The numerator is the dot product of the query and the transpose of the key. This ends up being a scalar value since both the query and the key have the same dimension. This scalar value represents how similar the two vectors are, if they are similar, the value will be higher, and if not, the value will be lower. However, the values can become very large, as the dot product operation is a sum of products of the elements of the vectors, and as discussed above, ai training doesnt play well with big numbers, so to counteract this, we have the denominator.
The denominator is the squart root of the dimension of the vectors, this is to ensure training stability (in the softmax function, and if the values vary largely, the gradients will be unstable).
The softmax function is then applied to the term, which normalizes the value to between 0 and 1, where all the values along the m column sum to 1. Essentially meaning, the values for all \([x_(1, .., N), x_n]\) sum to 1. So we have a list of which \(x_n\)s pay the most attention to the given \(x_m\).
Going back to the example sentence “The black cat is sleeping”, this could be a hypothetical attention matrix
\(x_n\) | \(x_1\) “The” | \(x_2\) “black” | \(x_3\) “cat” | \(x_4\) “is” | \(x_5\) “sleeping” |
---|---|---|---|---|---|
“The” | 0.15 | 0.05 | 0.8 | 0.0 | 0.0 |
“black” | 0.0 | 0.1 | 0.9 | 0.0 | 0.0 |
“cat” | 0.1 | 0.5 | 0.2 | 0.05 | 0.15 |
“is” | 0.00 | 0.00 | 0.1 | 0.2 | 0.7 |
“sleeping” | 0.1 | 0.0 | 0.8 | 0.05 | 0.05 |
Heres my thought process behind the numbers i made up (its not necessary any model learns such a matrix, this is something hypothetical i made up to aide understanding)
“The”: The word “cat” pays the most attention to this, because in this sentence, it marks the subject of the sentence. “black”: Again, the word “cat” pays most attention to this, because it is the cat that is black. “cat”: The words “black” and “sleeping” pay the most attention, however, the word also pays some attention to itself. “is”: The word “sleeping” pays the most attention, as that the action being done. “sleeping”: The word “cat” pays the most attention, as it is the one sleeping.
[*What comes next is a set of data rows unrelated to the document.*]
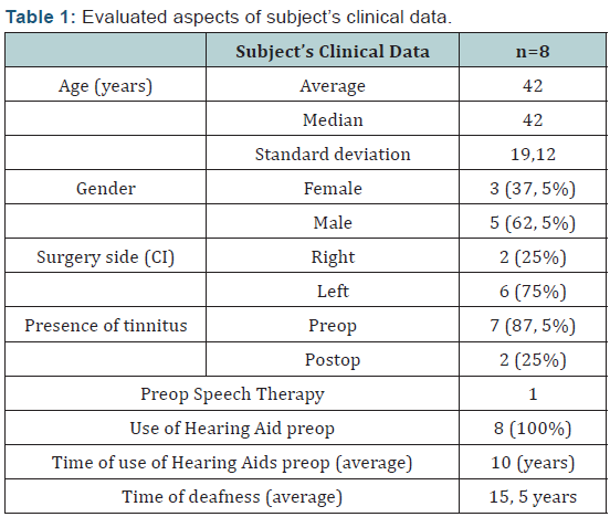 The hybrid cochlear implants were performed in 8 patients in these periods. The evaluated aspects are described in (Table 1). In (Figure 1) can be seen the average of pure tone thresholds in the preoperative, postoperative and after activation of the cochlear implant (CI).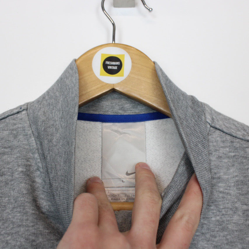 Vintage 00's Nike Grey Pullover 1/4 Zip Spellout Sweatshirt Jumper Size on label: Large Our recommended size: Small Pit to pit (inches): 20.5 Length (inches): 26 All products listed are vintage unless stated otherwise in the description. These items are pre-loved and pre-worn, resulting in small signs of wear and minor fading. We think this adds to their unique authenticity, but if an item has any major flaws these will be stated below. - The sweatshirt has a mark to the back, this is reflected in the price Please contact us if you have any further questions!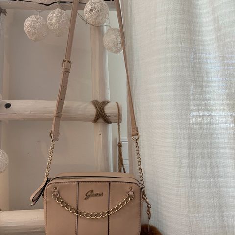 Guess Silvana käyttämätön naisten käsilaukku olkahihnalla, vetoketjulla ja sisätaskuilla. Mitat: leveys 32 cm, korkeus 28 cm, syvyys n. 10 cm. Väri konjakin ruskea.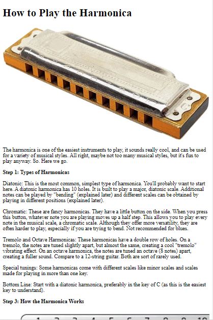閱讀樂譜:學習閱讀口琴樂譜(樂譜),一種代表口琴上每個孔的簡化記譜系統。選項卡指示要吹製或繪製哪些孔,並且可能包括彎曲、八度音階和其他技術的符號。
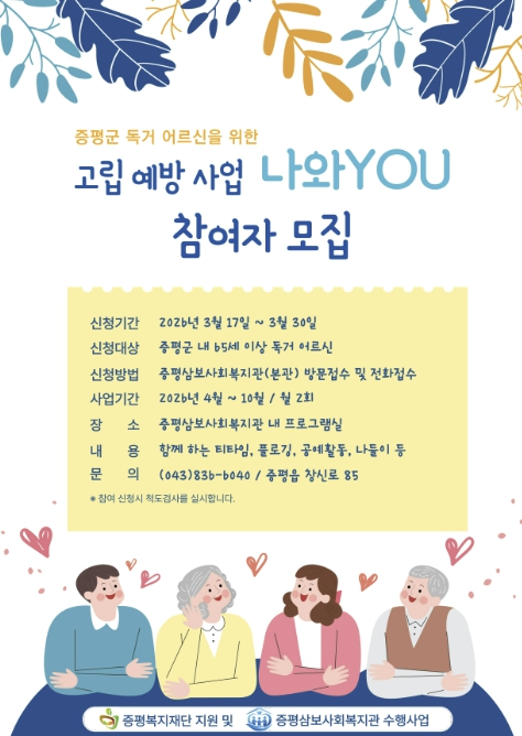 [뉴스노크=김인호 기자] 증평삼보사회복지관은 증평복지재단의 지원으로 독거 어르신 고립 예방 사업 ‘나와YOU’를 본격 운영한다고 밝혔다.

Using these attention weights, and the previously calculated value vectors, we will now begin to modify the token embeddings.
\[sa_n[x_1, .., x_N] = \sum_{m=1}^{N} a[x_m, x_n] \cdot v_m\]This is called self attention, as the keys, queries, and values, all come from the same sequence of token embeddings. (As opposed to cross attention, where not all the vectors are from the same sequence).
The attention scalars that we just calculated act as weights, that decide how much of each value vector affect the \(sa_n\) output vector.
Continuing using the example sentence “The black cat is sleeping”, and using the hypothetical attention matrix, here is an imagined explanation for what the values represent, and what they combine into for all the \(sa_n\) vectors.
\(sa_1\): “The” goes from an abstract embedding that contains the meaning of “subject marker”, to a more concrete meaning of “The cat”. The value matrix for \(m = 3\) which is “cat” is the highest, which encodes the meaning of “cat” into the \(sa_1\) vector. \(sa_2\): “black” goes from just the colour “black” to a more nuanced meaning, of “black (fur, breed of cat, etc)”, as “cat” pays the most attention to this token. \(sa_3\): “cat” goes from an embedding representing the concept of the average cat, to a “The (singular subject) black sleeping cat”, due the attention paid by all the other tokens. \(sa_4\): “is” goes from another abstract verb embedding, to a more nuanced embedding of “(animal) is (sleeping)” due to the attention paid by “cat” and “sleeping” . \(sa_5\): “sleeping” goes from a verb embedding more heavily weighted to humans (as thats the most common use of the word), to now representing cats sleeping, perhaps it has the added nuance of “purring” now too!
Transformer Architecture
WIP. I dont have a good enough intuitive explanation for why the transformer architecture is as it is.